#### [Working data]

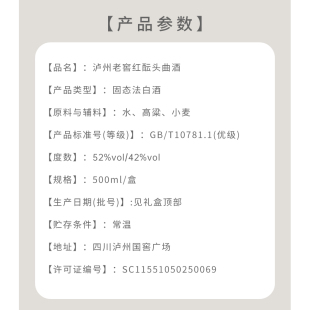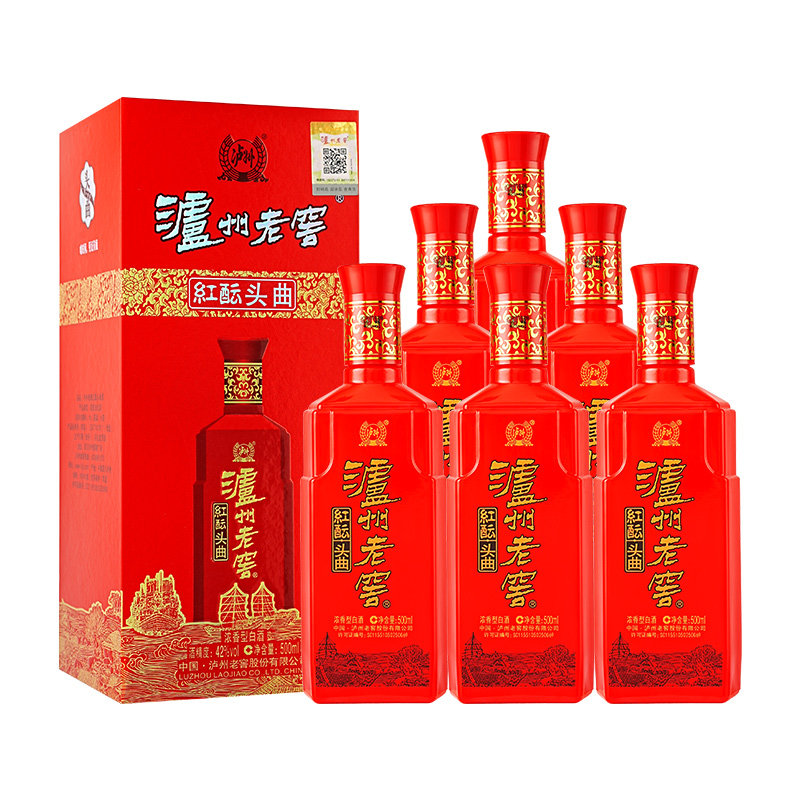 6瓶 泸州老窖红酝头曲500ml 5箱浓香型白酒送礼袋 宴席用酒
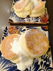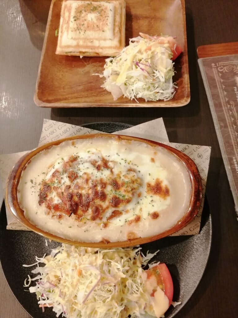 「美味しいパンケーキ食べに行こっ♪」…友人からお誘いを受け午後6時頃お邪魔しました。あ~!知ってる!知ってる!気になってたお店で行きたいと思ってた私は初訪問です。ヤシの木が生い茂るエントランス…外観からステキな感じ。中に入るとまたまたオシャレでステキな雰囲気です。[ハンバーガー]と[パンケーキ]がメインのようですが…[ナポリタン]ならぬお店の名前にかけた[ラボリタン]や季節限定[ちたけうどん]も美味しそう。今日は冬のような寒さだったので私は[ドリア]をお願いしました。友人は[ホットサンド/ツナ]です。そしてパンケーキは迷いに迷ったのでお店の方オススメの[生クリーム・メイプル]に決定♪熱々トロ~リの[ドリア]はホワイトソースにのび~るチーズとトマトがめちゃ美味しいです。[パンケーキ]は口の中で溶けてしまいそうなくらいふわっふわ♡全然重たくない甘さでペロリです。本日の[アイス]はメロン…濃厚甘々でこちらも美味しいです。居心地が良くついつい長居してしまいラストオーダーの時間に。他にも美味しそうなメニューがたくさんあったし、テラス席でランチも食べてみたいな♪またお伺いしたいと思います。ごちそうさまでした•ᴗ•ꕤ* (訪問:2025/10/22)
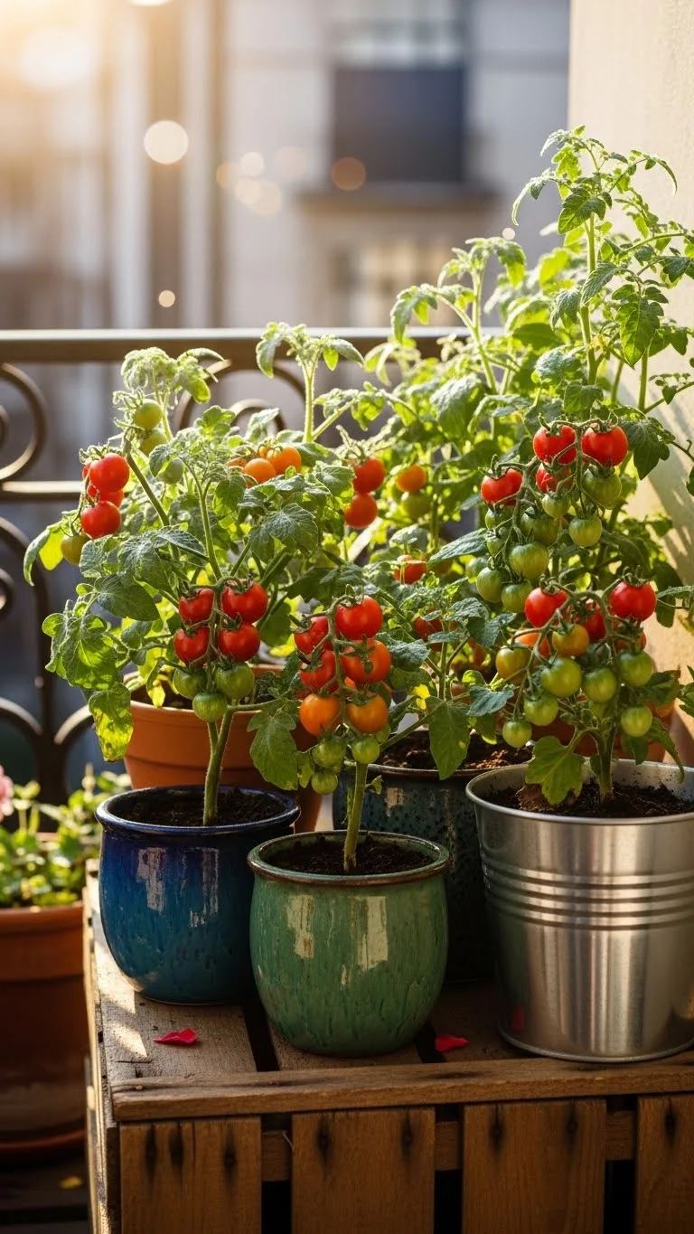 Dwarf tomatoes grow well in small spaces. Use one sturdy pot per plant and choose a sunny corner. Add a small stake or cage to support branches. Tomatoes enjoy warm spots, so balconies facing the sun are perfect. Use affordable potting soil and add compost if available. Keep the soil moist but not soggy. You’ll get a steady supply of small tomatoes without using much room.
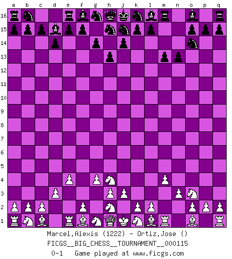 Last move : 0-1 2018 November 12 7:2:9 [Event "FICGS__BIG_CHESS__TOURNAMENT__000115"] [Site "FICGS"] [Date "2018.10.31"] [Round "1"] [White "Marcel,Alexis"] [Black "Ortiz,Jose"] [Result "0-1"] [WhiteElo "1222"] [BlackElo ""] 1.g2-g4 g15-g14 2.d2-d3 d15-d14 3.n2-n3 n15-n13 4.j2-h4 h14-h13 5.e2-e4 p16-o14 6.m2-m4 c16-d15 7.p1-o3 m15-m13 0-1 Follow this game move after move (download)Chess, like any creative activity, can exist only through the combined efforts of those who have creative talent, and those who have the ability to organize their creative work. (Mikhail Botvinnik) Kein Schachspieler kann gut schlafen. (H. G. Wells) No hay precio que no valga la pena por la cabellera del Rey enemigo. (Koblentz) Les échecs, c'est la lutte contre l'erreur. (Johannes Zukertort) You cannot beat a roulette table unless you steal money from it. (Albert Einstein)
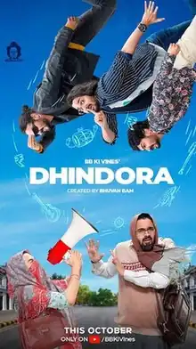 Dhindora (Ḍhiṇḍhorā) is a 2021 Indian comedy drama web series created by Bhuvan Bam and directed by Himank Gaur.[1] Bhuvan Bam plays ten multiple characters,[2] and the series also stars Gayatri Bhardwaj and Jeeveshu Ahluwalia.[3][4] Bam claimed that by July 2022, the show had more than 500 million views.[5][6] The soundtrack is composed by Bhuvan Bam and Sneha Khanwalkar.
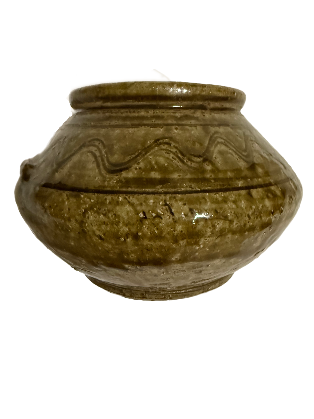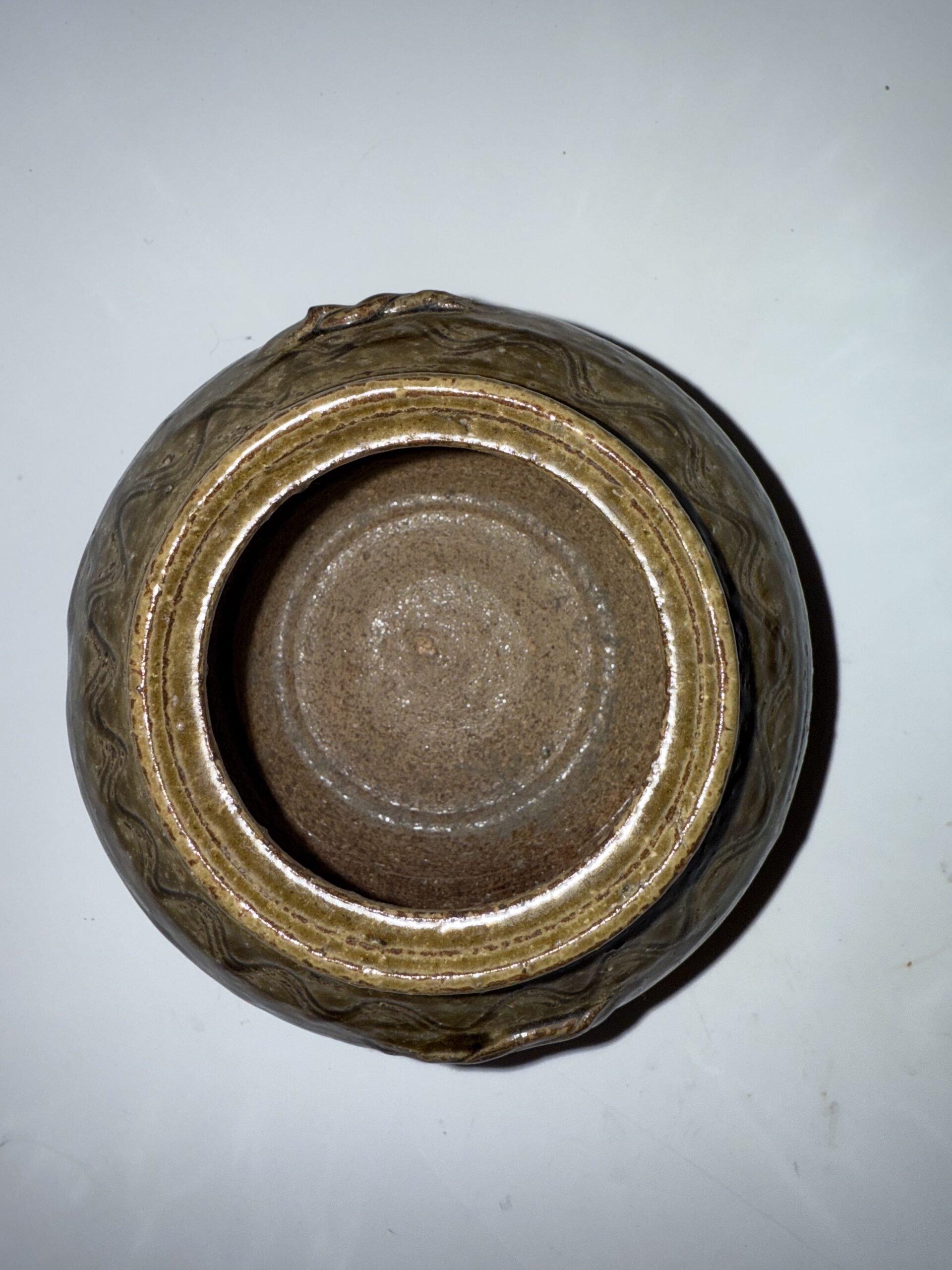 The jar is formed using the “pottery wheel throwing” technique. The shape is full and well – proportioned, with an outward – flaring mouth, a short neck, a round and bulging belly, and a stable ring foot. The overall lines are smooth and round, reflecting the Eastern Jin ceramic’s aesthetic pursuit of “naturalness”. The belly is mainly decorated with “chord patterns” and “wave patterns”. Continuous wave – shaped patterns are engraved on the upper part, with flowing and dynamic lines, symbolizing the Eastern Jin people’s aesthetic yearning for natural landscapes. The lower part is separated by several parallel chord patterns, enhancing the sense of hierarchy of the shape. There are symmetrically – decorated “running beast” – shaped ears (beast – head – shaped through – ears) on the shoulder. The outline of the beast head is full, and although the facial features are simply depicted, they are vivid in expression, demonstrating the combination of realism and abstraction in the Eastern Jin pottery art.
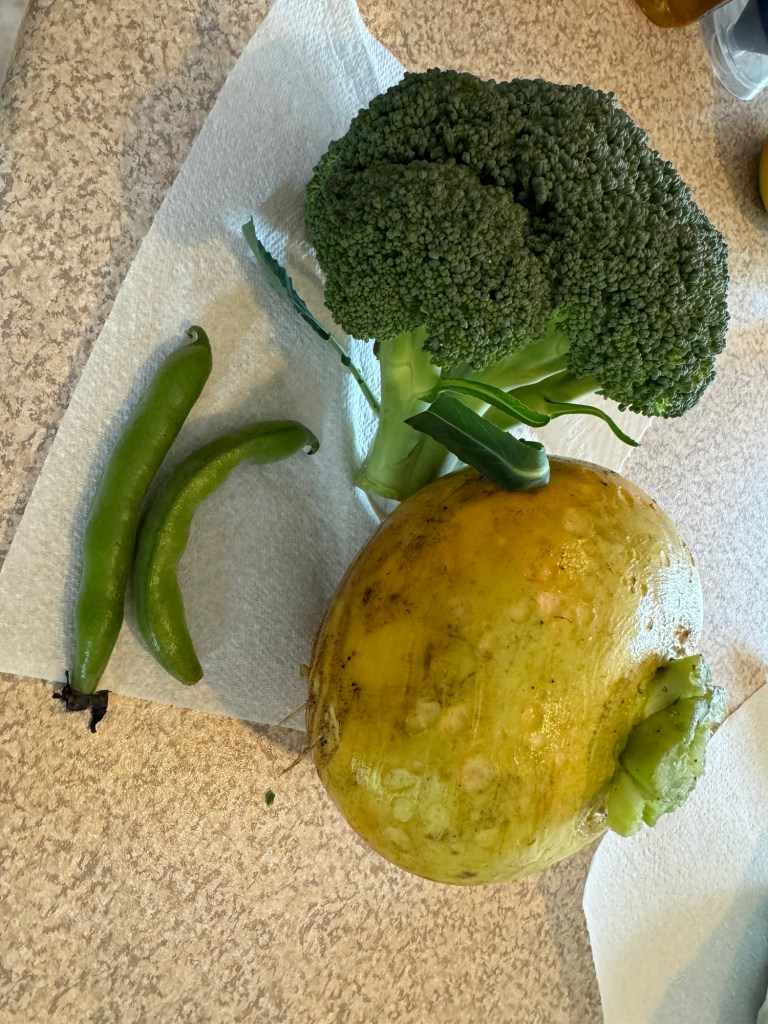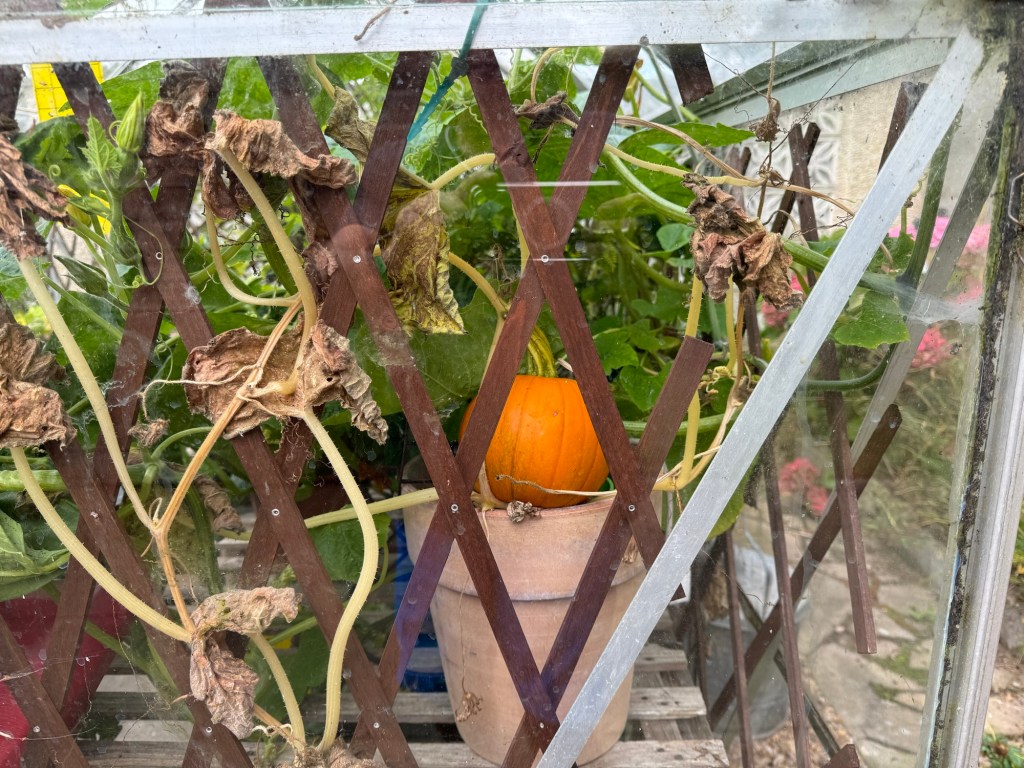 Our only pumpkin in the greenhouse this year. We normally get two or three. It’s small, but looks good. Will be harvesting this soon.
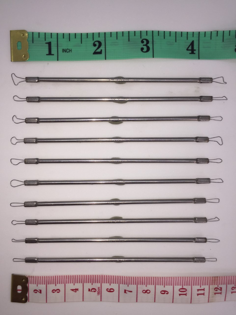 Le micro mirette hanno il manico in acciaio inox diametro 2,5 mm, sezione filo d’acciaio armonico 0,3 mm, distanza tra le punte 12 cm.
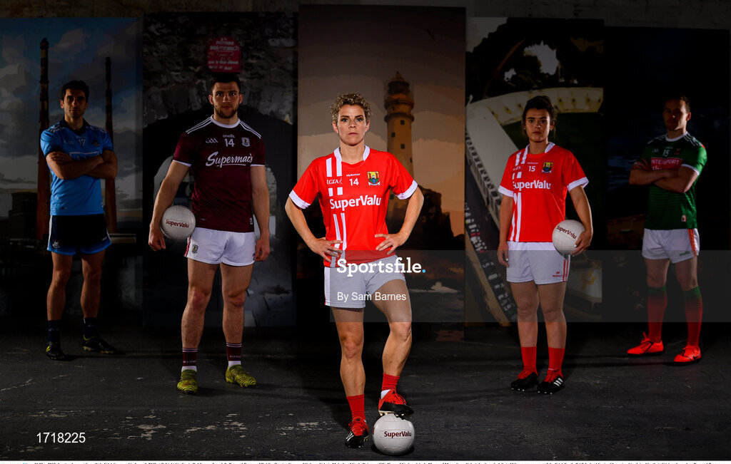 30 May 2019; In attendance at SuperValu GAA Sponsorship Launch 2019 at D-Light Studios in Dublin are, from left, Bernard Brogan of Dublin, Damien Comer of Galway, Valerie Mulcahy of Cork, Doireann O’Sullivan of Cork and Andy Moran of Mayo. SuperValu today launched their 10th year as sponsor of the GAA Football All-Ireland Senior Championship. Joined by their GAA ambassadors Bernard Brogan, Andy Moran, Damien Comer, Doireann O’Sullivan and Valerie Mulcahy – SuperValu revealed that they will contribute over €2.6 million to the GAA and GAA Clubs across the country, this year. Throughout their 10-years as GAA sponsor, SuperValu has contributed over €18 million to aid the development of our national sport. Photo by Sam Barnes/Sportsfile
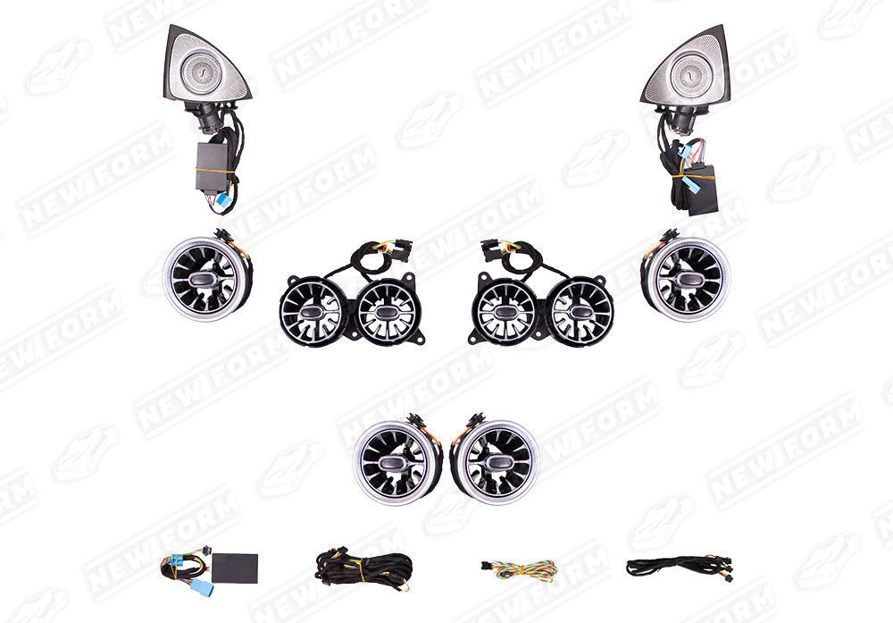 Комплект дооснащения салона для автомобилей Mercedes S-class W222. Данный тюнинг комплект предназначен для установки на автомобили Mercedes S-class W222 с 2013 по 2017 год выпуска. Комплект дооснащения устанавливается четко в штатные места салона без доработок. Необходимые для корректной установки проводка и блоки входят в комплект. Динамики Burmester и воздуховоды поддерживает 7 режимов подсветки салона.

#### [What you will do]
Copy every record verbatim while leaving each picture out.

#### [Your solution]
 6瓶 泸州老窖红酝头曲500ml 5箱浓香型白酒送礼袋 宴席用酒
 「美味しいパンケーキ食べに行こっ♪」…友人からお誘いを受け午後6時頃お邪魔しました。あ~!知ってる!知ってる!気になってたお店で行きたいと思ってた私は初訪問です。ヤシの木が生い茂るエントランス…外観からステキな感じ。中に入るとまたまたオシャレでステキな雰囲気です。[ハンバーガー]と[パンケーキ]がメインのようですが…[ナポリタン]ならぬお店の名前にかけた[ラボリタン]や季節限定[ちたけうどん]も美味しそう。今日は冬のような寒さだったので私は[ドリア]をお願いしました。友人は[ホットサンド/ツナ]です。そしてパンケーキは迷いに迷ったのでお店の方オススメの[生クリーム・メイプル]に決定♪熱々トロ~リの[ドリア]はホワイトソースにのび~るチーズとトマトがめちゃ美味しいです。[パンケーキ]は口の中で溶けてしまいそうなくらいふわっふわ♡全然重たくない甘さでペロリです。本日の[アイス]はメロン…濃厚甘々でこちらも美味しいです。居心地が良くついつい長居してしまいラストオーダーの時間に。他にも美味しそうなメニューがたくさんあったし、テラス席でランチも食べてみたいな♪またお伺いしたいと思います。ごちそうさまでした•ᴗ•ꕤ* (訪問:2025/10/22)
 Dwarf tomatoes grow well in small spaces. Use one sturdy pot per plant and choose a sunny corner. Add a small stake or cage to support branches. Tomatoes enjoy warm spots, so balconies facing the sun are perfect. Use affordable potting soil and add compost if available. Keep the soil moist but not soggy. You’ll get a steady supply of small tomatoes without using much room.
 Last move : 0-1 2018 November 12 7:2:9 [Event "FICGS__BIG_CHESS__TOURNAMENT__000115"] [Site "FICGS"] [Date "2018.10.31"] [Round "1"] [White "Marcel,Alexis"] [Black "Ortiz,Jose"] [Result "0-1"] [WhiteElo "1222"] [BlackElo ""] 1.g2-g4 g15-g14 2.d2-d3 d15-d14 3.n2-n3 n15-n13 4.j2-h4 h14-h13 5.e2-e4 p16-o14 6.m2-m4 c16-d15 7.p1-o3 m15-m13 0-1 Follow this game move after move (download)Chess, like any creative activity, can exist only through the combined efforts of those who have creative talent, and those who have the ability to organize their creative work. (Mikhail Botvinnik) Kein Schachspieler kann gut schlafen. (H. G. Wells) No hay precio que no valga la pena por la cabellera del Rey enemigo. (Koblentz) Les échecs, c'est la lutte contre l'erreur. (Johannes Zukertort) You cannot beat a roulette table unless you steal money from it. (Albert Einstein)
 Dhindora (Ḍhiṇḍhorā) is a 2021 Indian comedy drama web series created by Bhuvan Bam and directed by Himank Gaur.[1] Bhuvan Bam plays ten multiple characters,[2] and the series also stars Gayatri Bhardwaj and Jeeveshu Ahluwalia.[3][4] Bam claimed that by July 2022, the show had more than 500 million views.[5][6] The soundtrack is composed by Bhuvan Bam and Sneha Khanwalkar.
 The jar is formed using the “pottery wheel throwing” technique. The shape is full and well – proportioned, with an outward – flaring mouth, a short neck, a round and bulging belly, and a stable ring foot. The overall lines are smooth and round, reflecting the Eastern Jin ceramic’s aesthetic pursuit of “naturalness”. The belly is mainly decorated with “chord patterns” and “wave patterns”. Continuous wave – shaped patterns are engraved on the upper part, with flowing and dynamic lines, symbolizing the Eastern Jin people’s aesthetic yearning for natural landscapes. The lower part is separated by several parallel chord patterns, enhancing the sense of hierarchy of the shape. There are symmetrically – decorated “running beast” – shaped ears (beast – head – shaped through – ears) on the shoulder. The outline of the beast head is full, and although the facial features are simply depicted, they are vivid in expression, demonstrating the combination of realism and abstraction in the Eastern Jin pottery art.
 Our only pumpkin in the greenhouse this year. We normally get two or three. It’s small, but looks good. Will be harvesting this soon.
 Le micro mirette hanno il manico in acciaio inox diametro 2,5 mm, sezione filo d’acciaio armonico 0,3 mm, distanza tra le punte 12 cm.
 30 May 2019; In attendance at SuperValu GAA Sponsorship Launch 2019 at D-Light Studios in Dublin are, from left, Bernard Brogan of Dublin, Damien Comer of Galway, Valerie Mulcahy of Cork, Doireann O’Sullivan of Cork and Andy Moran of Mayo. SuperValu today launched their 10th year as sponsor of the GAA Football All-Ireland Senior Championship. Joined by their GAA ambassadors Bernard Brogan, Andy Moran, Damien Comer, Doireann O’Sullivan and Valerie Mulcahy – SuperValu revealed that they will contribute over €2.6 million to the GAA and GAA Clubs across the country, this year. Throughout their 10-years as GAA sponsor, SuperValu has contributed over €18 million to aid the development of our national sport. Photo by Sam Barnes/Sportsfile
 Комплект дооснащения салона для автомобилей Mercedes S-class W222. Данный тюнинг комплект предназначен для установки на автомобили Mercedes S-class W222 с 2013 по 2017 год выпуска. Комплект дооснащения устанавливается четко в штатные места салона без доработок. Необходимые для корректной установки проводка и блоки входят в комплект. Динамики Burmester и воздуховоды поддерживает 7 режимов подсветки салона.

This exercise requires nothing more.